PERIL by BOB WOODWARD and ROBERT COSTA published by Simon and Schuster in 2021.

I know what you are thinking!  What is a political book doing in this list?  Because it is utterly unforgettable that’s why; factual, sober, sometimes even a touch dry, this 400+ page tome provides a fascinating and sometimes shocking narrative of the transition from the 45 th  President Donald Trump to the 46 th  President Joe Biden during what the dust jacket calls ‘one of the most dangerous periods of American History’.

Back in the 1970s I devoured All the President’s Men, by Woodward with Carl Bernstein about the infamous Nixon Watergate.  I still have a huge admiration for this master of non-fiction, on this occasion ably co-authored by acclaimed reporter Costa.  Their research appears first class, the writing equally so and I suspect it will be a long time before PERIL clears my mind.  It is like watching the first two acts of a three-act play.


GREEN GHOST, BLUE OCEAN by JENNIFER SMITH published by Pottersfield Press in 2020.

It matters not a wit if you have ever sailed, are a ‘white-knuckle sailor’ like me, or an old hand on the tossing deck of a yacht.  This is an unforgettable rollicking adventure story about a couple who decide to set sail for the wide blue yonder.  Their odyssey adds up to fourteen years of sailing 40,000 nautical miles (74,080 kilometers) across various oceans to wherever ‘there’ happens to be at the time.   In this honest, sometimes hilarious, sometimes terrifying account of living the dream aboard ‘a steamer trunk with a mast’, the author and her husband Alex (Nik) Nikolajevich provide glimpses into a life so many dream of and few accomplish. What is more they take us along for the ride, without our having to get so much as our feet wet.  Oh, and the author grew up here in Oakville, where her father taught at Appleby College.


MISS BENSON’S BEETLE by RACHEL JOYCE published by Doubleday in 2020.

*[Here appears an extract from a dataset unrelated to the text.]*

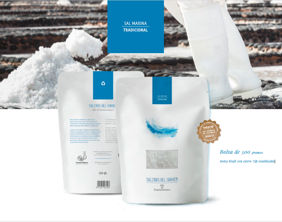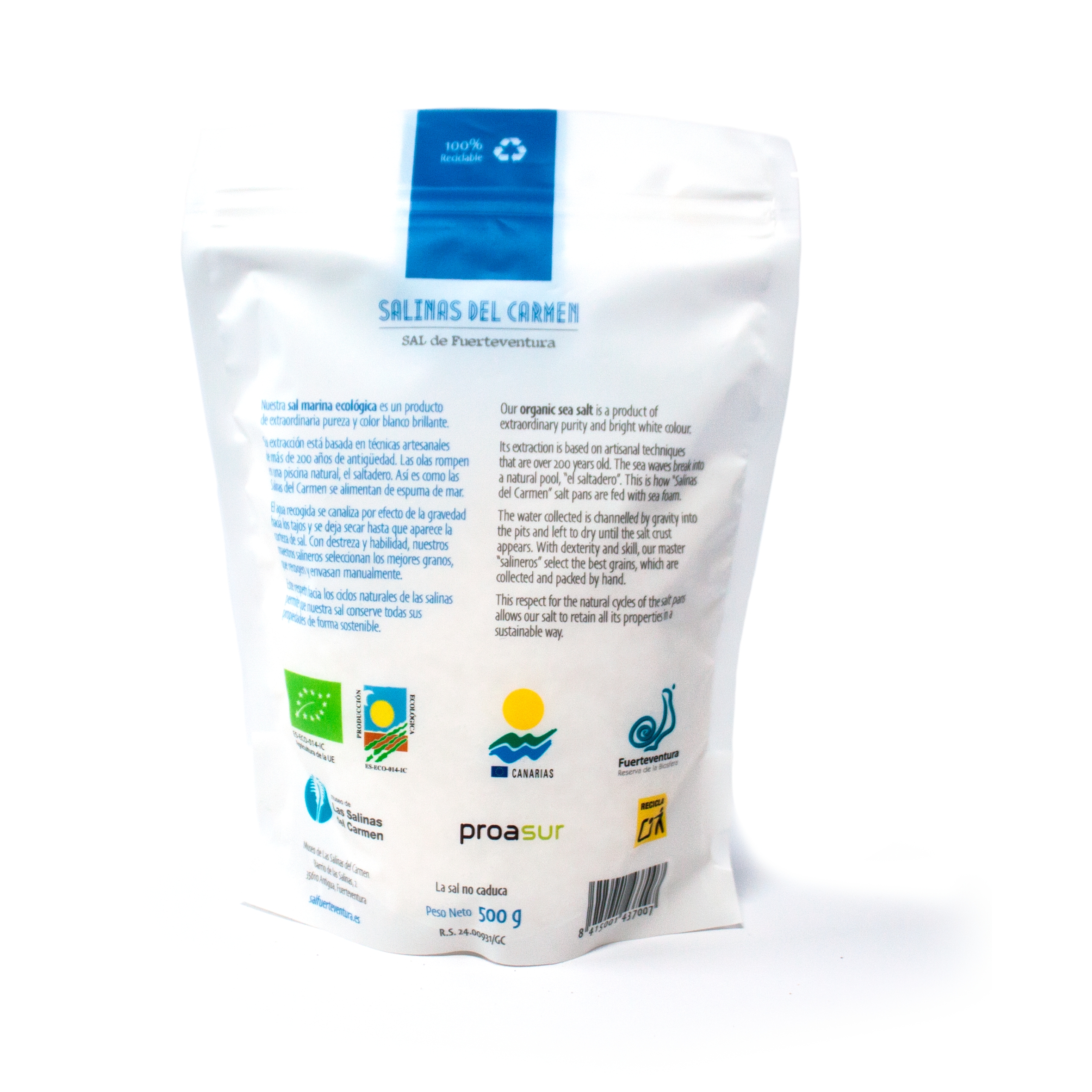 Sal marina ecológica obtenida siguiendo el sistema artesanal propio de las Salinas del Carmen. Se presenta en bolsa Kraft de 500 gramos con cierre zip. El producto conserva su estado natural, sin refinado ni aditivos, y mantiene los minerales característicos de la sal marina del entorno.

I cannot resist finishing off this list of my most memorable reads of 2021 with this extraordinary novel, which I cannot wait to finish – once I get this submitted!  Billed as a classic tale of adventure and friendship this is far from the ‘cosy’ read involving the two women of a certain age that I had envisaged.  How can you put down a book whose first line is, ‘When Margery was ten, she fell in love with a beetle’.  From there the story wrenches its way from the Natural History Museum in London, England to New Caledonia, a Pacific island about 1,200 kilometres (750 miles) east of Australia.  There Miss Benson and her assistant suffer all manner of woes in pursuit of this golden beetle and indeed find themselves pursued.  Miss Benson’s trials, tribulations and triumphs are at once hilarious and poignant and I cannot wait to see how the book ends.  It will be a long time before I forget this one.


And that readers, is my take on unforgettable books of 2021.  Have fun making your own list and pass it along to a friend, why don’t you?